Thanks for the feedback, jon. I found the asking price to be the most important factor (or maybe second most after location).

My colleague listed his house at $499K in July and only got it sold this past week at $443K. Add in 4% commissions (he was able to negotiate) and other closing fees and you are looking at about 85% of the original asking price. He still did well as he bought the house at $280K a few years ago but it goes to show you the old adage always rings true: *A house will always sell, at the right price*, or something along that line.

We have decided to list our place in mid-January. We can hurry and put this up on the market in mid-October but you are then entering the holiday season. Another factor is I hope there is no delay for our new house. Our builder has a pretty good track record when it comes to closing house but you can't rule anything out. I know our window is pretty tight but I believe if we price our house competitively, we can get a deal done quickly. Keeping my fingers crossed.

Cheers!


----------



## joncnca (Jul 12, 2009)

I hope everything works out for you!

Selling an existing house to buy a new one is pretty stressful, i wouldn't want to go through it again. I've read that the market picks up a bit in the autumn, cools over holidays, then picks up in the spring, but don't take my word for it.
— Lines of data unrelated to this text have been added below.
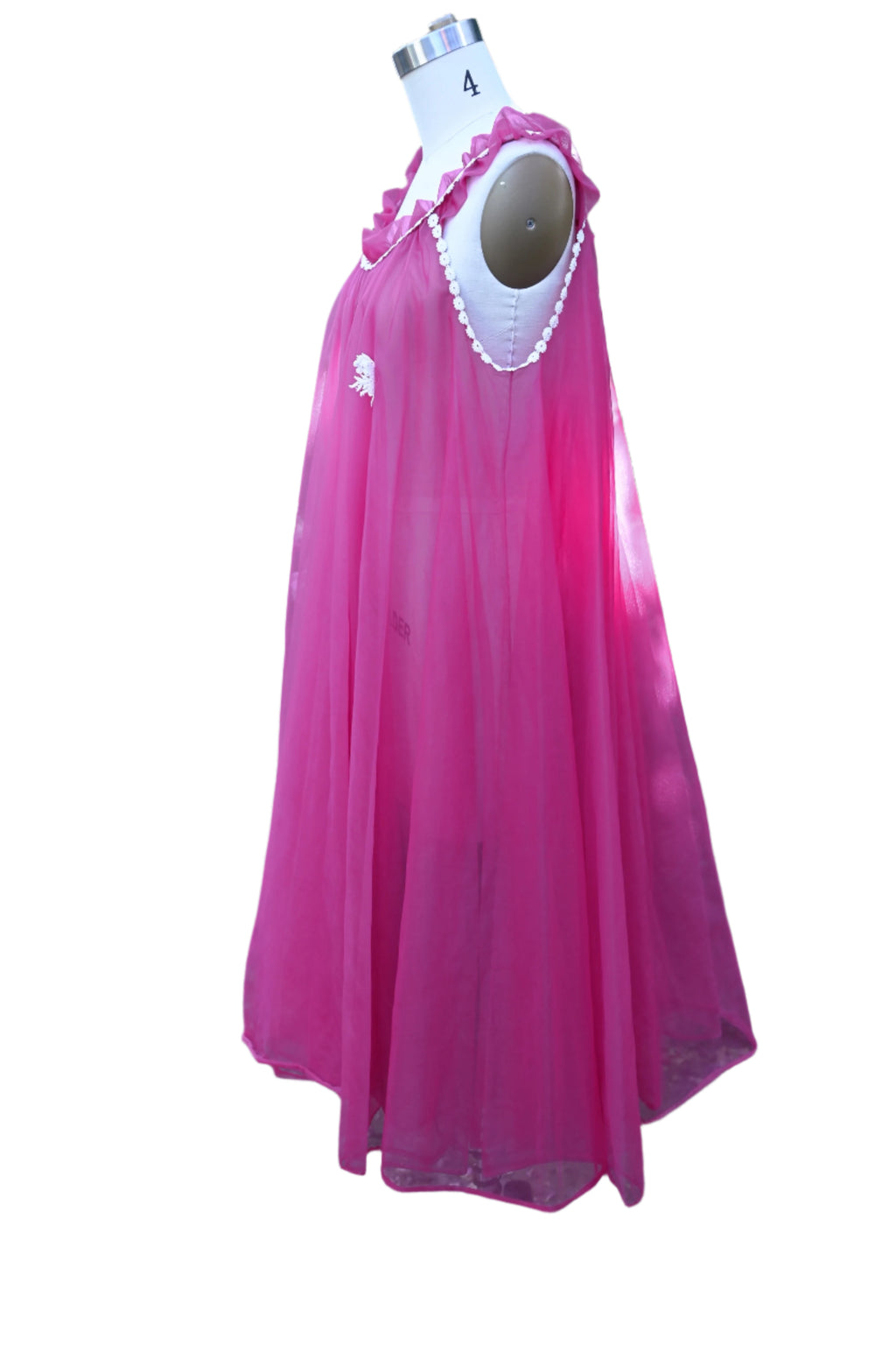 Sleeveless, very full. Tiny scalloped stitch details on the hemline.
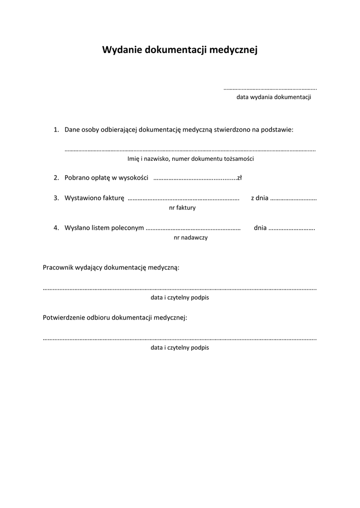 Wydanie dokumentacji medycznej ……………………………………………………. data wydania dokumentacji 1. Dane osoby odbierającej dokumentację medyczną stwierdzono na podstawie: ……………………………………………………………………………………………………………………………………………….. Imię i nazwisko, numer dokumentu tożsamości 2. Pobrano opłatę w wysokości ……………………………….............zł 3. Wystawiono fakturę …………………………………………………………. z dnia ………………………. nr faktury 4. Wysłano listem poleconym ………………………………………………… dnia ………………………. nr nadawczy Pracownik wydający dokumentację medyczną: ……………………………………………………………………………………………………………………………………………….. data i czytelny podpis Potwierdzenie odbioru dokumentacji medycznej: ……………………………………………………………………………………………………………………………………………….. data i czytelny podpis
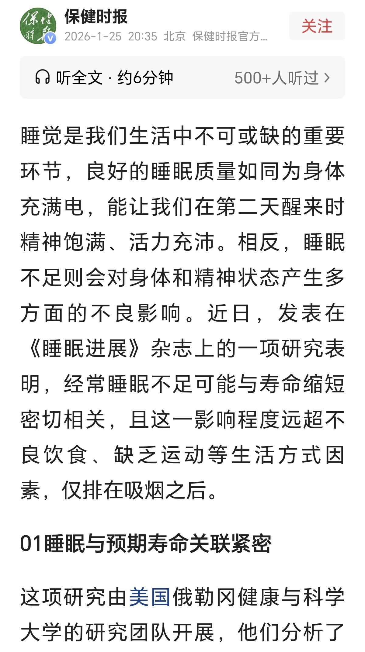 这不是在贩卖焦虑吧?看完这篇研究结果,我昨晚怎么都睡不着觉了。睡眠对寿命影响那么

my wife has these friends who bought a pre-construction condo together before they were married, and after several years, they were expecting their first child and wanted to move into a detached house somewhere farther from the city. by that time, the original condo had been delayed so long that it still had not finished construction by the time they bought their detached house! 

i'm sure this wont happen to you, i just found that whole situation ridiculous.


----------